Learning from Biased and Costly Data Sources: Minimax-optimal Data Collection under a Budget

Data collection is a critical component of modern statistical and machine learning pipelines, particularly when data must be gathered from multiple heterogeneous sources to study a target population of interest. In many use cases, such as medical studies or political polling, different sources incur different sampling costs. Observations often have associated group identities (for example, health markers, demographics, or political affiliations) and the relative composition of these groups may differ substantially, both among the source populations and between sources and target population. In this work, we study multi-source data collection under a fixed budget, focusing on the estimation of population means and group-conditional means. We show that naive data collection strategies (e.g. attempting to "match" the target distribution) or relying on standard estimators (e.g. sample mean) can be highly suboptimal. Instead, we develop a sampling plan which maximizes the effective sample size: the total sample size divided by $D_{χ^2}(q\mid\mid\overline{p}) + 1$, where $q$ is the target distribution, $\overline{p}$ is the aggregated source distribution, and $D_{χ^2}$ is the $χ^2$-divergence. We pair this sampling plan with a classical post-stratification estimator and upper bound its risk. We provide matching lower bounds, establishing that our approach achieves the budgeted minimax optimal risk. Our techniques also extend to prediction problems when minimizing the excess risk, providing a principled approach to multi-source learning with costly and heterogeneous data sources.

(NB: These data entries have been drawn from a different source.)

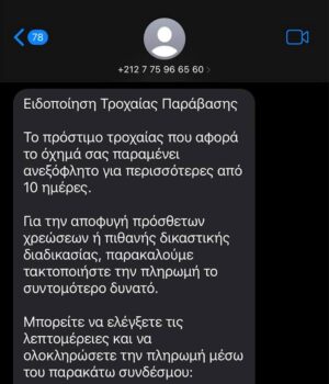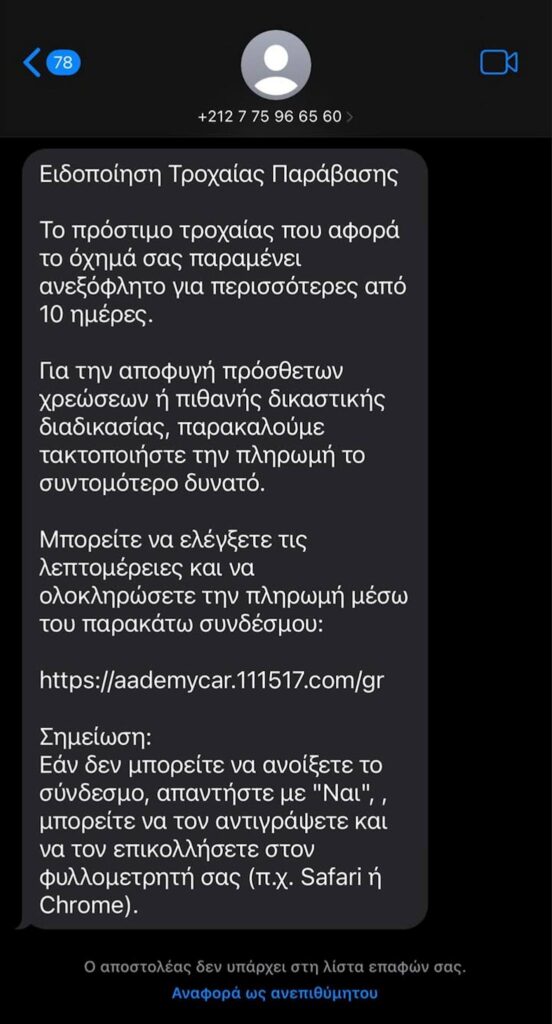 Ακόμη ένα παραπλανητικό μήνυμα εντοπίστηκε να διακινείται τις τελευταίες μέρες με το οποίο οι πολίτες ενημερώνονται για ληξιπρόθεσμη οφειλή συνεπεία τροχαίας παράβασης, η οποία πρέπει να εξοφληθεί προς αποφυγή πρόσθετων οικονομικών επιπτώσεων.
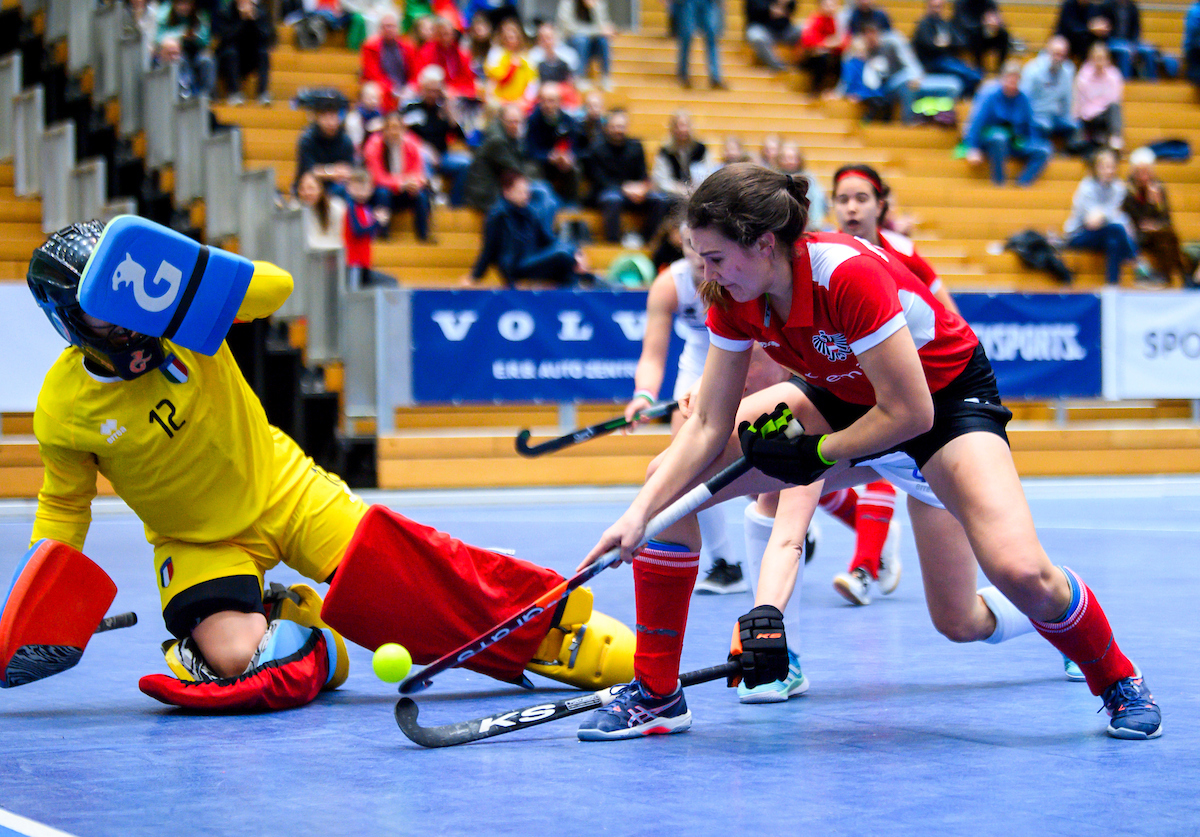 Österreich legt nach - Italien ist mit einer grünen Karte und einer Strafzeit von einer Minute in Unterzahl. Die Red Foxes nützen den Raum über die linke Bande - Marianne Pultar spielt den Ball von der Grundlinie zurück an den Schusskreisrand - dort steht Laura Kern, die den Ball hoch in das Tor befördert.
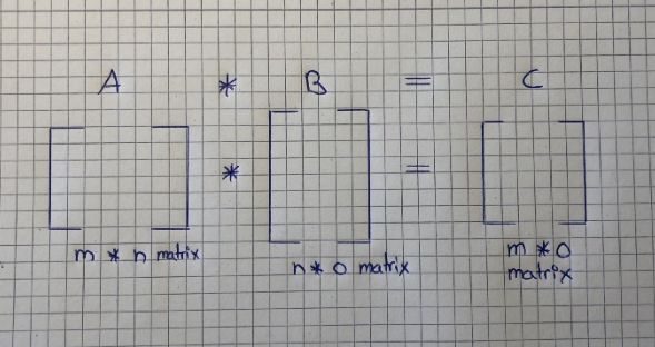 如果你知道如何计算矩阵和向量间的乘法,矩阵间的乘法就也简单了。注意,只有当第一个矩阵的列数和第二个矩阵的行数相等时,才能把它们两个乘起来。运算结果会是一个矩阵,行数和第一个矩阵的行数相等,列数和第二个矩阵的列数相等。计算方法如下:
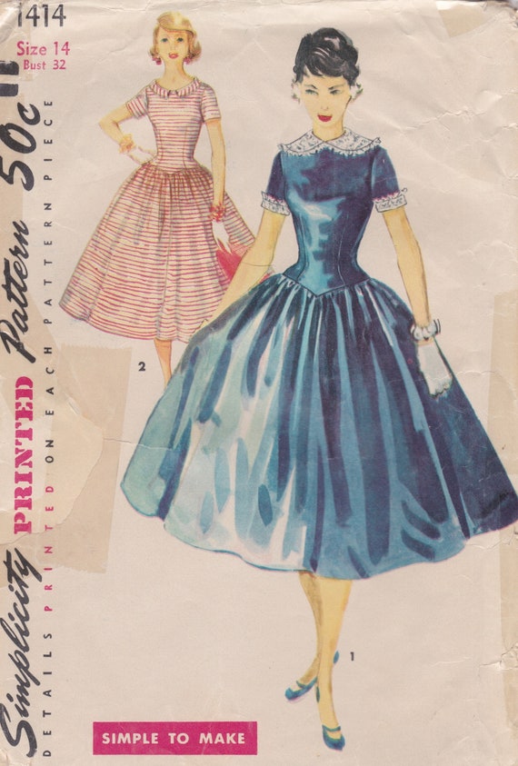 Simplicity 1414 Vintage 1950s Sewing Pattern Dress Size Etsy De
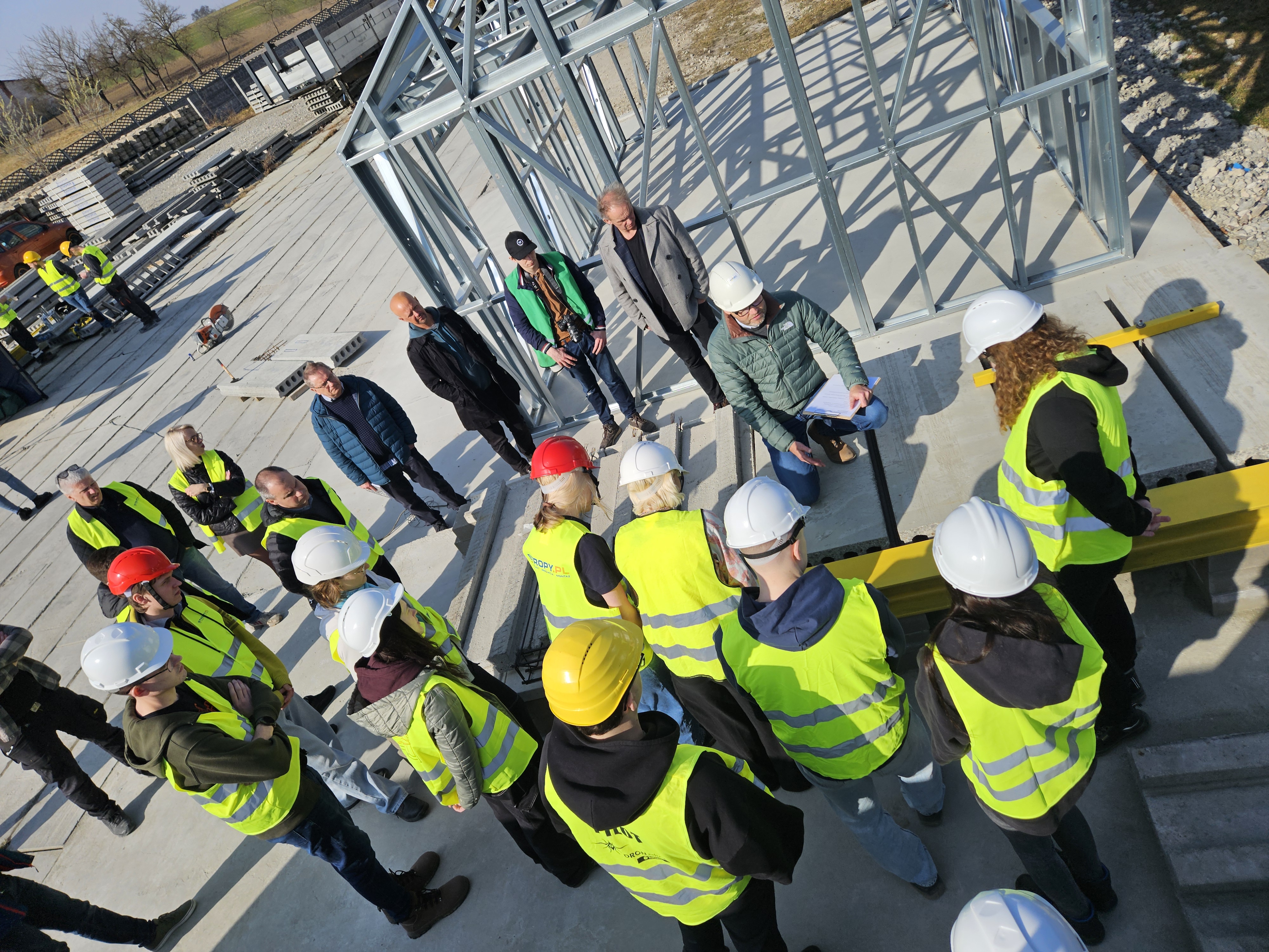Podczas spotkania mieliśmy okazję zobaczyć jak wygląda montaż w praktyce oraz wysłuchać ciekawych porad dotyczących zarówno szczegółów konstrukcyjnych jak i zasad bezpiecznej pracy na budowie.
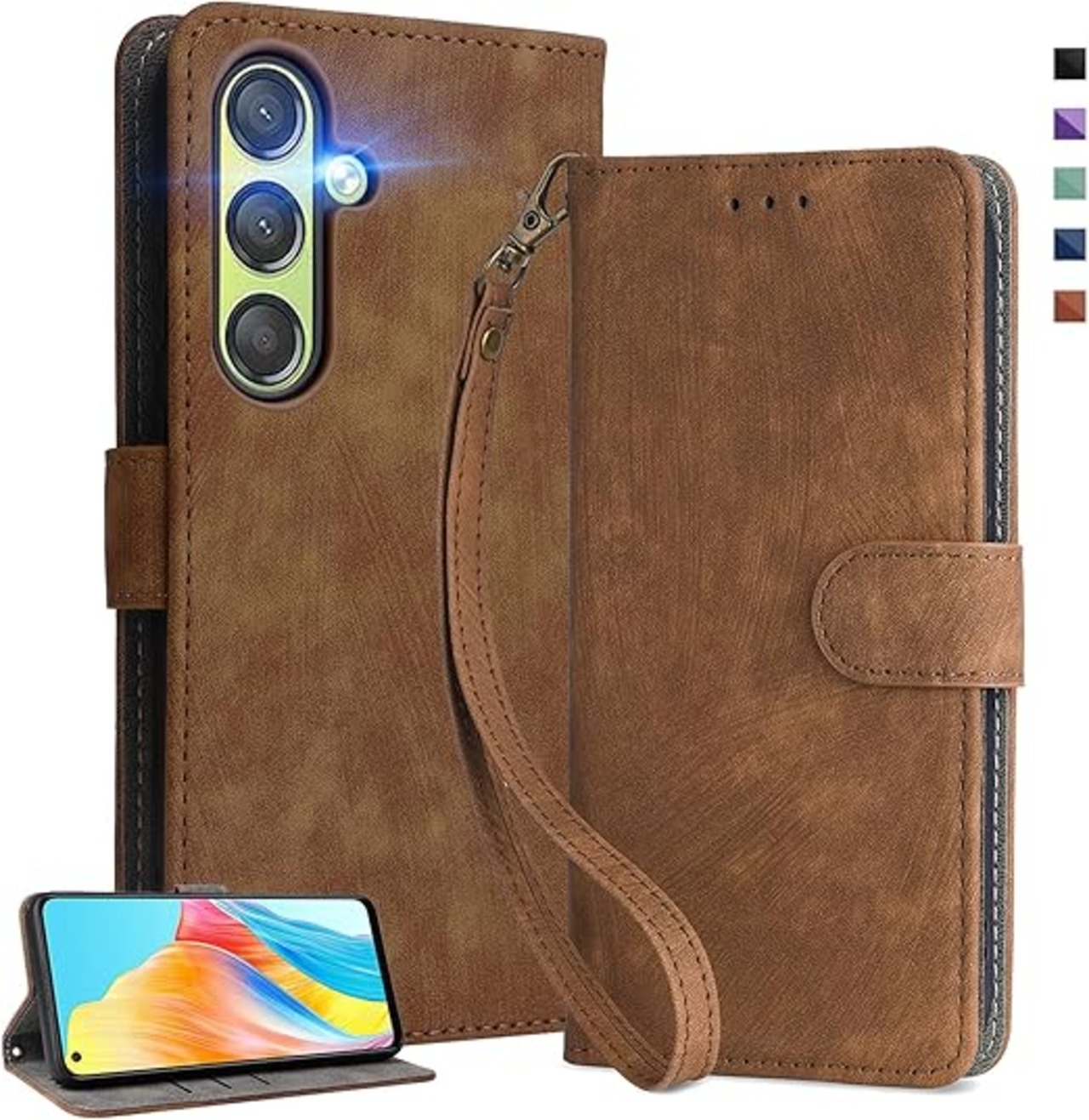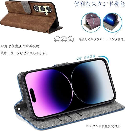 UnivoColors Galaxy S24 FE (SM-S721Q/SCG30) 手帳型 スマホケース 携帯カバー 高級合皮 RFIDブロッキング カード収納 専属ストラップ同梱 マグネット開閉 全面保護 カメラ保護(ブラウン) a
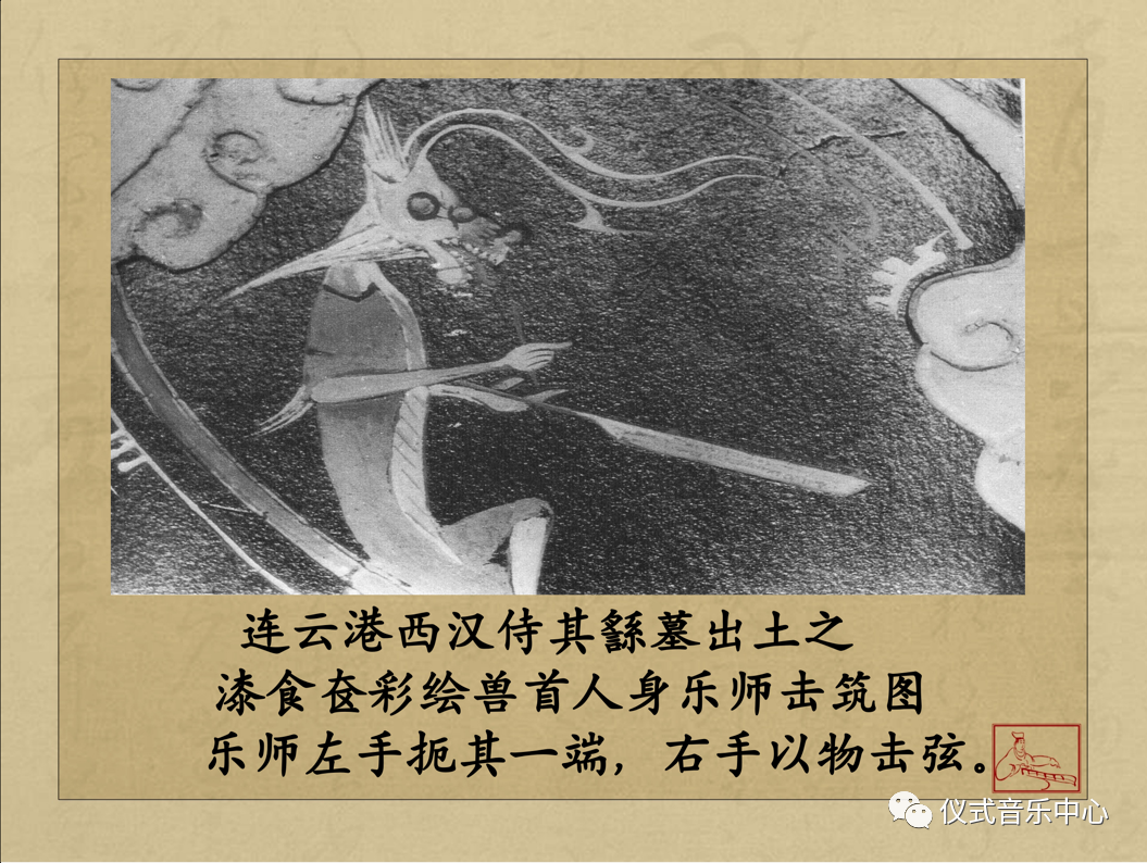 第二部分“古琴前身是先秦击筑”,牛陇菲指出古琴的前身是先秦时期的击筑,中国乐师在先秦击筑上,进行了击弦取音的实验。随后,他举例了曾侯乙墓出土的筑、长沙西汉马王堆墓出土的筑和汉墓彩绘棺的击筑图、以及连云港的西汉彩绘兽首人身乐师击筑图等,认为击筑以竹尺遍击琴弦不同节点无极变音的“一弦多音”之举,是后世古琴、三弦、小提琴等无品弦乐器自由按弦取音技术的滥觞。
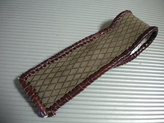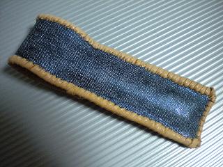 サイズは、縦17センチ×横5.5センチ。 15センチのペンが2本入ります。 表面の正面側は、ブラウンスエードレザーに、凸ドットのクロスラインをプリント加工したレザーを使用しています。 表面から、後ろ側にかけては、デニムのようなデザインのレザーを使用しました。 ケース内側は、ミントグリーンレザーを使用。 ケース周囲は、ホイートのレザーで、かがり仕上げをしました。 |
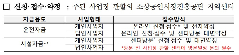 신청방법은 총 2가이며 운전자금은 온라인으로, 시설자금은 센터방문만 가능합니다.
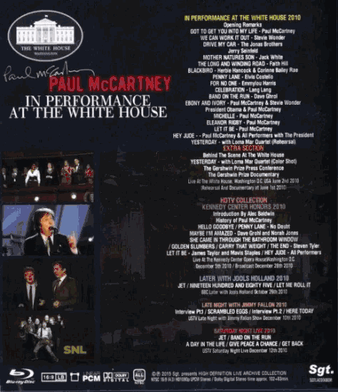 Documentary Live At The White House, Washington D.C. USA June 2nd 2010 (Rehearsal And Documentary at June 1st 2010) President Obama presented America’s highest award for popular music : the Library of Congress Gershwin Prize for Popular Song to Sir Paul McCartney in the East Room of the White House. HDTV COLLECTION KENNEDY CENTER HONORS 2010 Introduction By Alec Baldwin History of Paul McCartney
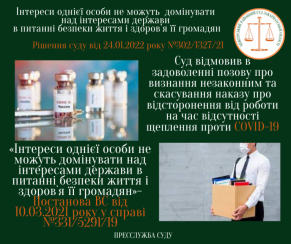 -«інтереси однієї особи не можуть домінувати над інтересами держави в питанні безпеки життя і здоров`я її громадян» (Постанова Верховного Суду від 10.03.2021 року у справі №331/5291/19);
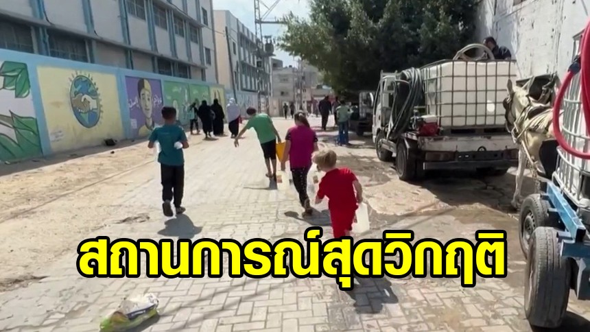 มีภาพของชาวปาเลสไตน์ ไม่ว่าจะเป็นเด็กหรือผู้ใหญ่ ที่ต้องนำถังมารองน้ำที่เหลือน้อยทุกที โดยทุกคนบอกว่า ทั้งน้ำ อาหาร และทุกอย่างที่ต้องใช้สำหรับการดำรงชีวิต เริ่มจะหมดลงแล้ว
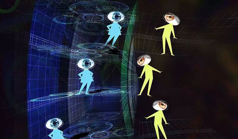 ○ 两个虚拟的观测者将时空和量子物理结合在了一起。| 图片来源:Quantum Information/Harald Ritsch/ÖAW

翻译：数据收集是现代统计与机器学习流程中的关键环节，尤其在需要从多个异质数据源采集数据以研究目标总体时。在许多应用场景（如医学研究或政治民调）中，不同数据源会产生不同的抽样成本。观测数据通常带有相应的群体标识（例如健康指标、人口统计特征或政治倾向），这些群体的相对构成可能在源总体之间、以及在源总体与目标总体之间存在显著差异。本文研究固定预算下的多源数据收集问题，重点关注总体均值与群体条件均值的估计。我们证明，朴素的数据收集策略（例如试图“匹配”目标分布）或依赖标准估计量（如样本均值）可能导致严重的次优结果。为此，我们提出了一种最大化有效样本量的抽样方案：有效样本量定义为总样本量除以$D_{χ^2}(q\mid\mid\overline{p}) + 1$，其中$q$为目标分布，$\overline{p}$为聚合源分布，$D_{χ^2}$为$χ^2$散度。我们将该抽样方案与经典的事后分层估计量结合，并给出其风险上界。通过构建匹配的下界，我们证明该方法达到了预算约束下的极小极大最优风险。我们的技术还可拓展至预测问题中的超额风险最小化，为处理成本高昂且异质的多元数据源学习提供了理论依据。